The data presented are from the Nutritional Influences on Arsenic Toxicity (NIAT) study, an ongoing study on nutritional influences on arsenic metabolism. The NIAT study works in collaboration with a larger multidisciplinary program by health, earth, and social scientists from Columbia University and Bangladesh (the Columbia University Superfund Basic Research Program), the National Institute of Preventive and Social Medicine, and Dhaka University. The centerpiece of the public health research is a prospective cohort study, Health Effects of Arsenic Longitudinal Study (HEALS), of 12,000 adults exposed to a wide range of water As concentrations, from which the current sample is derived.

Study region.

Bangladesh is a nation of roughly 124 million people inhabiting an area of 145,000 km2. It is divided into 64 districts, each of which is divided into 10–50 administrative units or Thanas. The study site is in Araihazar, one of 464 Thanas in Bangladesh, and is a 25-km2 region approximately 30 km east of Dhaka. The study site was chosen because a) it is known to have a wide range of As concentrations in the drinking water, permitting dose–response analyses and b) it is within a reasonable commuting distance from Dhaka. Socioeconomic data indicate that this region is not particularly poor by Bangladeshi standards.

Eligibility criteria/participant recruitment/ethics.

The HEALS cohort study includes a random sample of 11,746 married men and women between 20 and 65 years of age who were recruited between September 2000 and May 2002 and are followed at 2-year intervals (Ahsan et al., in press). This study only included married couples to minimize the likelihood of loss to follow-up due to a change of residence after marriage. Centered around visits of one of the investigators (M.V.G.), a subset of 1,650 of these cohort study participants were consecutively enrolled in the present study. We further selected 300 of these 1,650 participants to measure urinary arsenic metabolites. This subset of participants was selected to be representative of the study population for total urinary As; the subset excluded those identified as being cobalamin deficient (plasma cobalamin concentrations < 185 pmol/L). Oral informed consent was obtained by our Bangladeshi field staff physicians, who read an institutional review board approved assent form to the study participants. Ethics approval was obtained from the Institutional Review Board of Columbia Presbyterian Medical Center and the Bangladesh Medical Research Council, and informed consent was obtained by our Bangladeshi field staff physicians.

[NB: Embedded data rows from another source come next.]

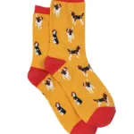 Voeg wat vrolijkheid toe aan je sokkenlade met deze comfortabele bamboesokken met schattige Beagle print! De kleuren mosterdgeel en rood maken ze extra opvallend en stijlvol.
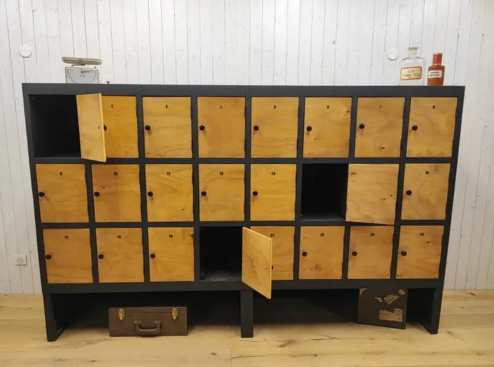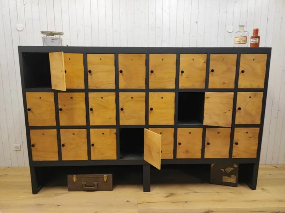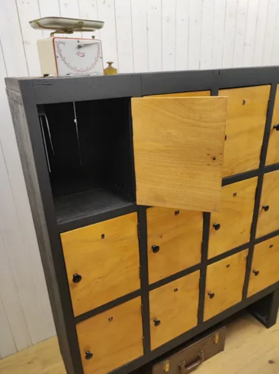 Joli meuble de métier à casier sortant tout droit de restauration ! Composé de 24 casier (dimensions casier : h34 ,l26).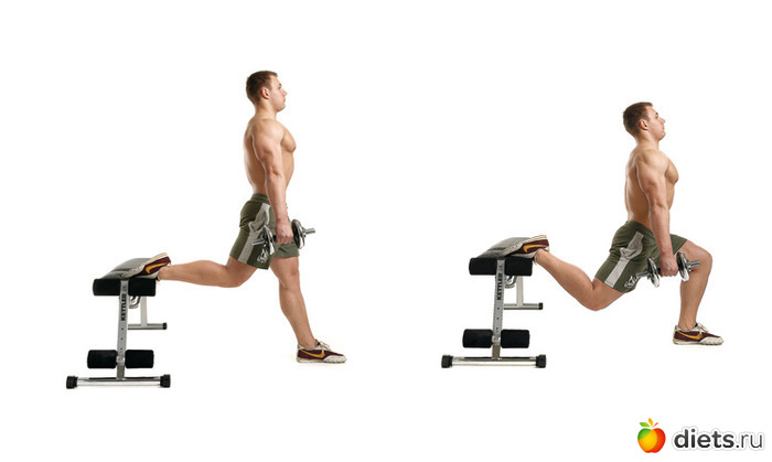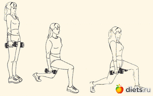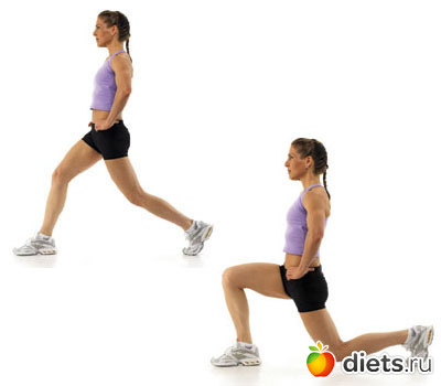 Встаньте ровно, поставьте ступни параллельно друг другу чуть шире бедер. Спину слегка прогните в пояснице, колени чуть согните. Сделайте широкий шаг вперед, удерживая туловище в ровном положении, при этом центр тяжести должен быть на выставленной вперед ноге. Присядьте на переднюю ногу. Угол между бедром и голенью должен быть прямым, согнутое колено – на уровне стопы (оно должно «висеть» в нескольких сантиметрах над полом, но не касаться его). Поднимитесь из приседа и отшагните назад передней ногой в исходное положение. Повторите упражнение на другую ногу.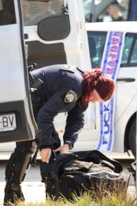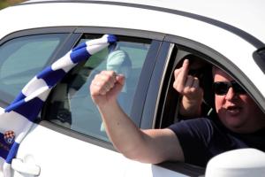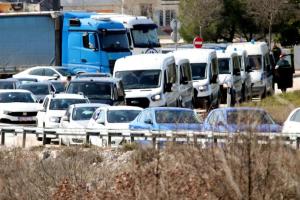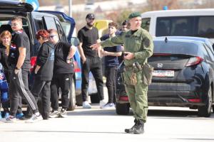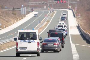 Split, 08.03.2026 - Prihvat i preprata navijaca BBB na A1 odmoristu Kozjak Jug uoci utakmice...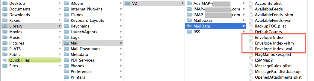 Very nice of you to reply. I followed your suggestion but I do not have the Envelope Index Files in that folder. Any other ideas. I have not opened my mail program for weeks and bought Sparrow to use as a substitue but would much rather have my Mac mail program.

Plasma collection and handling.

We obtained plasma samples for tHcys, folate, and total cobalamin by venipuncture after the participant had been sitting for 10–15 min for an interview. Blood was collected into EDTA-containing tubes and immediately placed in IsoRack cool packs (Brinkmann Instruments, Westbury, NY) designed to maintain samples at 0°C for > 6 hr. Within 4 hr, samples were transported in hand-carried coolers containing additional ice packs to our local laboratory situated in our three-story field clinic in Araihazar. Samples were centrifuged at 4°C and plasma separated from the cells. Plasma was then stored in aliquots at −80°C and shipped frozen on dry ice to Columbia University for analysis.

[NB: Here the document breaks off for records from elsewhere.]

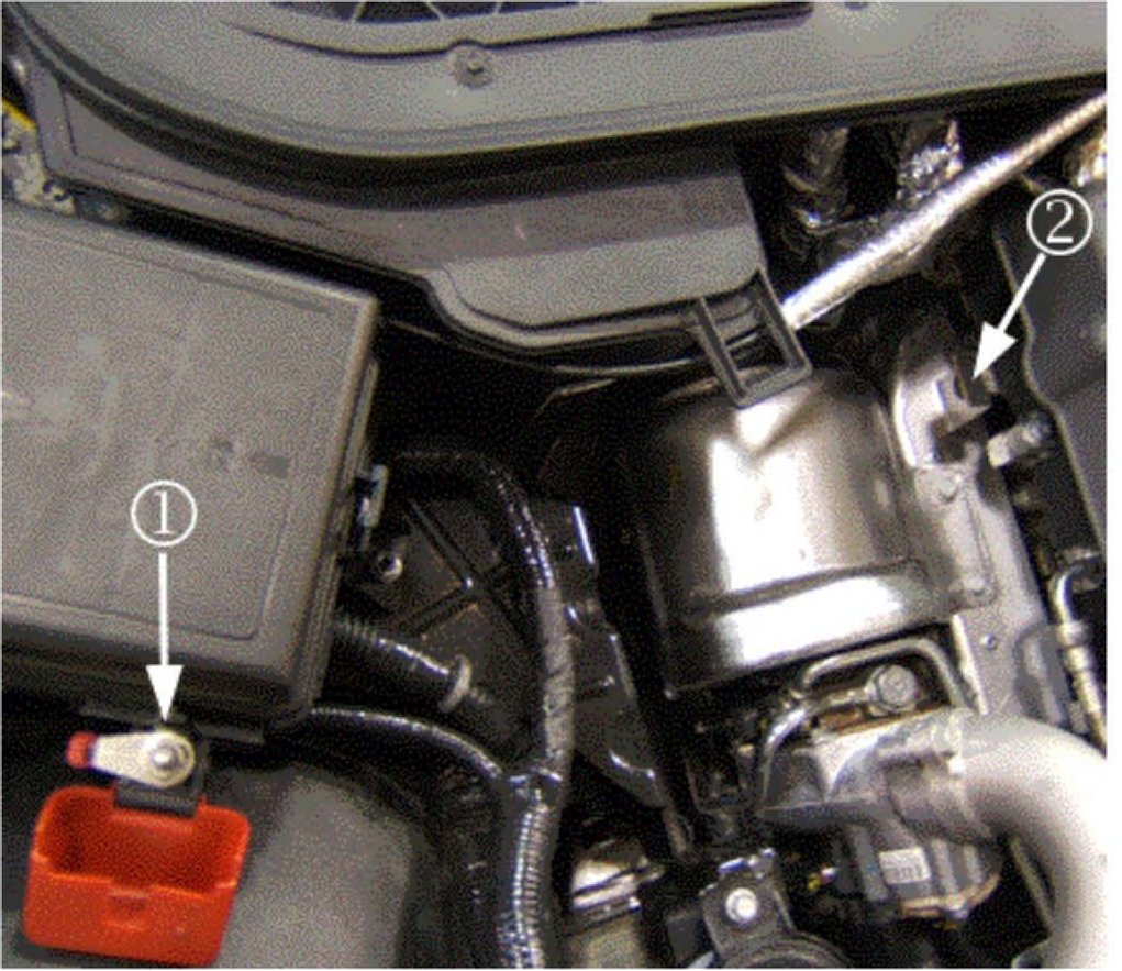 Instruct the customer on the correct procedure to jump start the vehicle. Refer to "Jump Starting" in the appropriate model and model year Owner Manual. The illustration above shows the correct locations of the remote positive terminal (1) and remote negative ground bracket (2). The remote negative ground bracket is marked GND (-).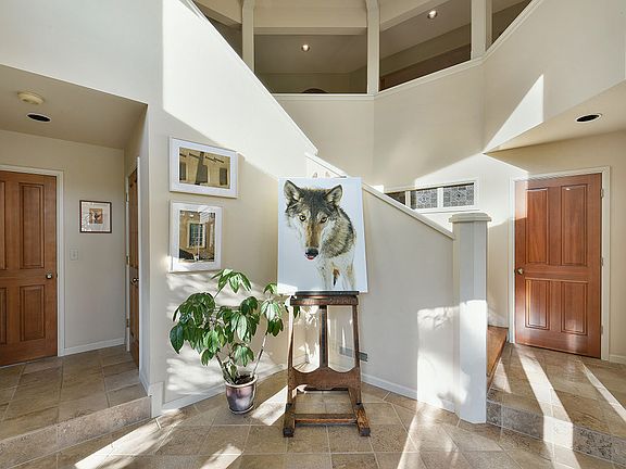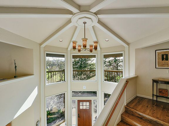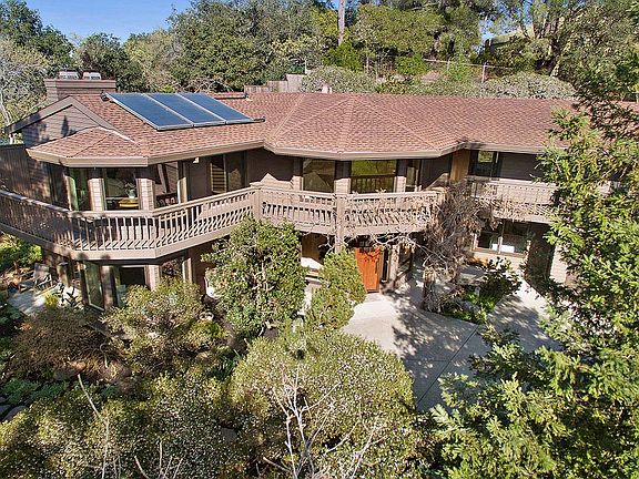 ~ Located on a private drive, tucked off the street, sits this rare Lafayette compound containing a beautifully updated main residence in addition to a detached 1215 sq. ft. studio ideal for a fully functioning office or, transform this space into a stand-alone guest house to be used as desired! ~ The low maintenance parcel with mature landscape provides wonderful valley views and privacy while the nearby path to Springhill Elementary, Acalanes High School (check availability) and local commute routes reflects this convenient, Reliez Valley location. Other nearby amenities include Briones Regional Park, Springbrook Pool and the Lafayette Tennis Club. ~ The 4 bedroom/3 bathroom main home features contemporary finishes, treehouse-like views, updated kitchen and bathrooms, hardwood floors, and perfectly placed windows for beautiful streams of natural light Formal and informal staircases lead to the upper level of the home complete with separate living, dining and family rooms, a remodeled eat-in kitchen, and a private secondary bedroom wing featuring two bedrooms that share a hall bath with marble finishes ~ The open eat-in kitchen features wonderful front and rear views, granite counters, top-of-the-line stainless appliances (Viking 4-burner gas range, oven and microwave, Sub-Zero fridge, Miele dishwasher), wine fridge, built-in bar seating, and doors to the back patio ~ The formal dining room is large enough to accommodate a crowd and features commissioned hand-blown glass pendant lighting, French doors to the back patio and French doors that lead to the formal living room ~ The adjacent sun-filled formal living room features an open-beam, pitched ceiling, fireplace, sliding doors to the wraparound deck, and octagon sitting area with treehouse-like views and wonderful light ~ The master suite is located on the ground level and features a relaxing octagon sitting area, tumbled travertine surrounded fireplace and a recently renovated (2014) en suite bath provides peace and relaxation with a spa-like shower room with a Wetstyle soaking tub and shower with rainfall showerhead, vanity with marble counters, dual Duravit sinks with Graff faucets, custom cabinetry with solid bronze hardware, and a walk-in closet ~ Also located on the ground level is the sun-drenched foyer with tumbled travertine floors, an additional secondary bedroom and full bath along with a convenient mud/laundry room with plenty of storage space ~ The detached studio is an enormous extension of this home and features a formal front entrance, loft office with a ½ bath, open studio with kitchenette (sink, cabinetry and mini fridge), workshop with an attached plumbed room (which can be transformed into a full bath), and adjacent, separate circular driveway for added parking. In addition, this structure runs on its own meter and has heat and air conditioning. This flexible space is an incredible opportunity with endless possibilities! ~ The low maintenance landscaping provides plenty of room for exploration and play and features a wonderful assortment of redwood, cedar and fruit trees (2 persimmon trees, 1 lemon, 1 apple, 1 apricot, 1 pear), a large back patio, basketball court, and expansive balcony perfect for enjoying views of the surrounding hills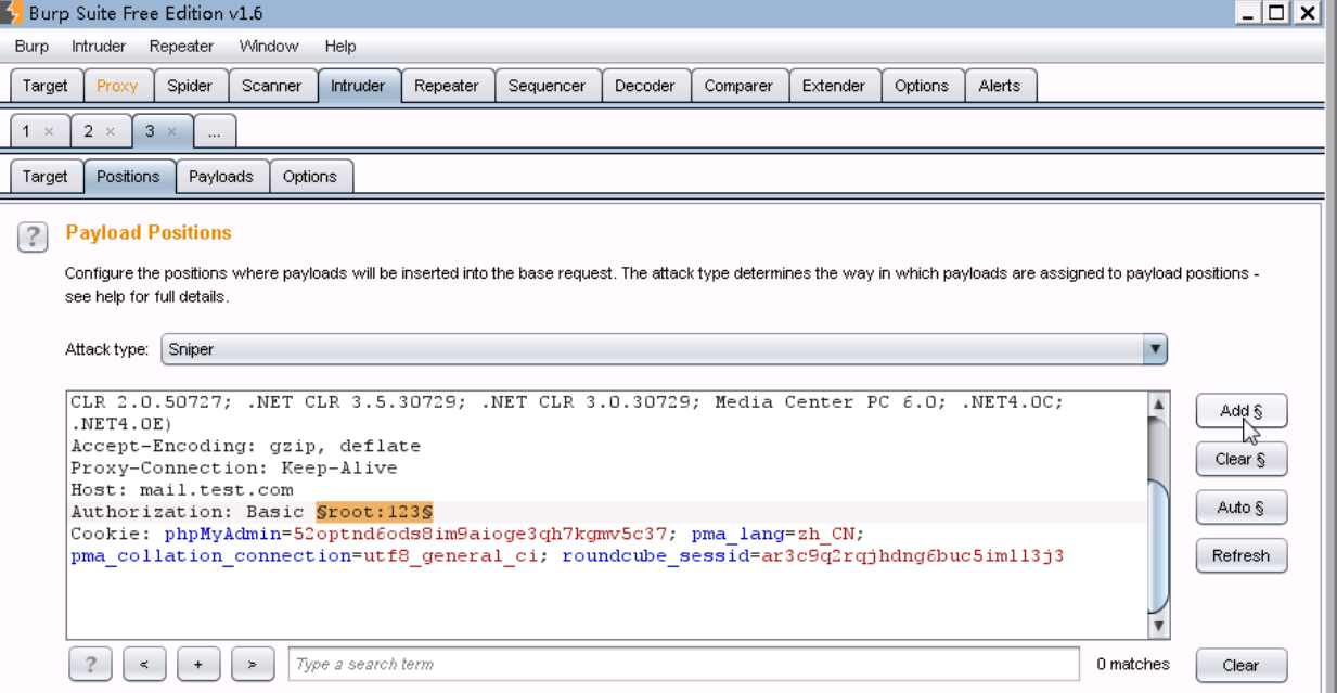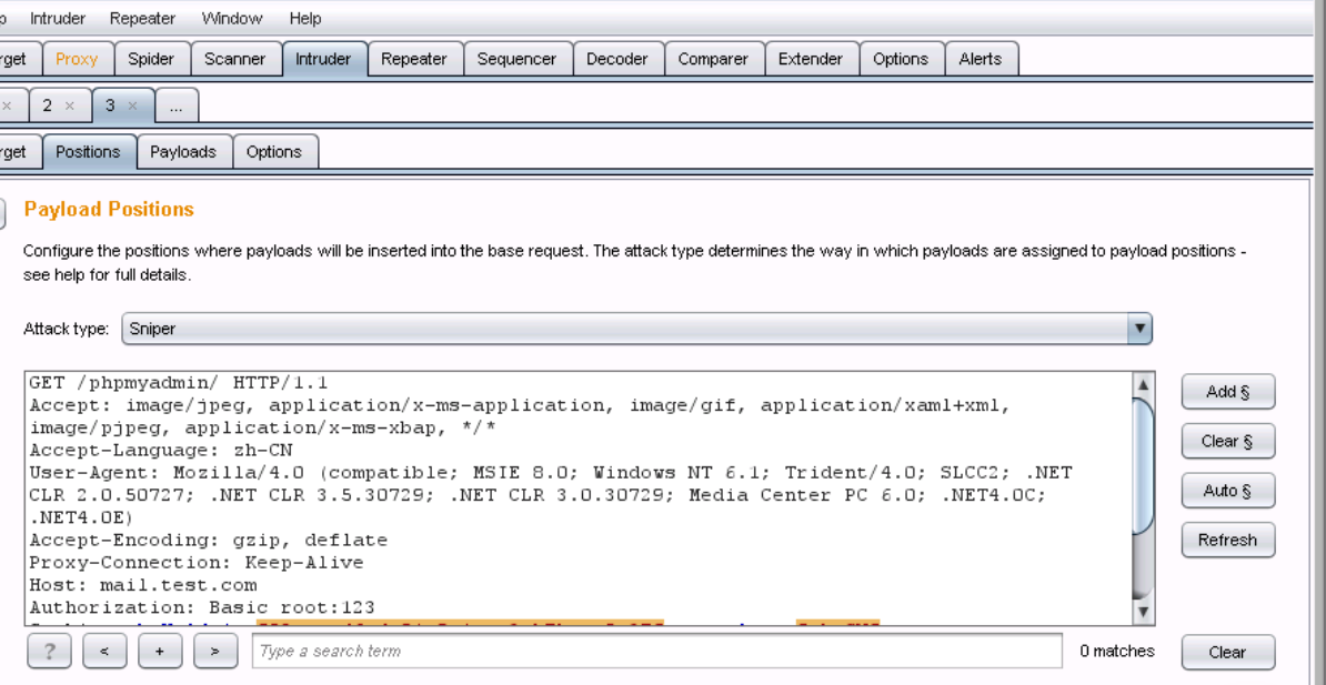 8、右键send to intruder,在Positions选项卡下单击clear$。

Measures of arsenic exposure.

We analyzed well-water arsenic concentrations as part of a comprehensive well survey before the onset of the cohort study. The actual well-water arsenic concentration was labeled onto each well, with signs indicating safety or danger, and many study participants subsequently switched wells to reduce exposure (van Geen et al. 2002); therefore, well-water arsenic did not always strictly represent current arsenic exposure. However, we do not believe that this led to significant exposure misclassification, as the duration of drinking water from the surveyed well greatly exceeded the duration of drinking water from an alternate well. In the analyses pertaining to folate and tHcys concentrations, any potential exposure misclassification would only bias to the null. Furthermore, we collected urine samples for urinary arsenic measurements on the same visit that the plasma samples were collected.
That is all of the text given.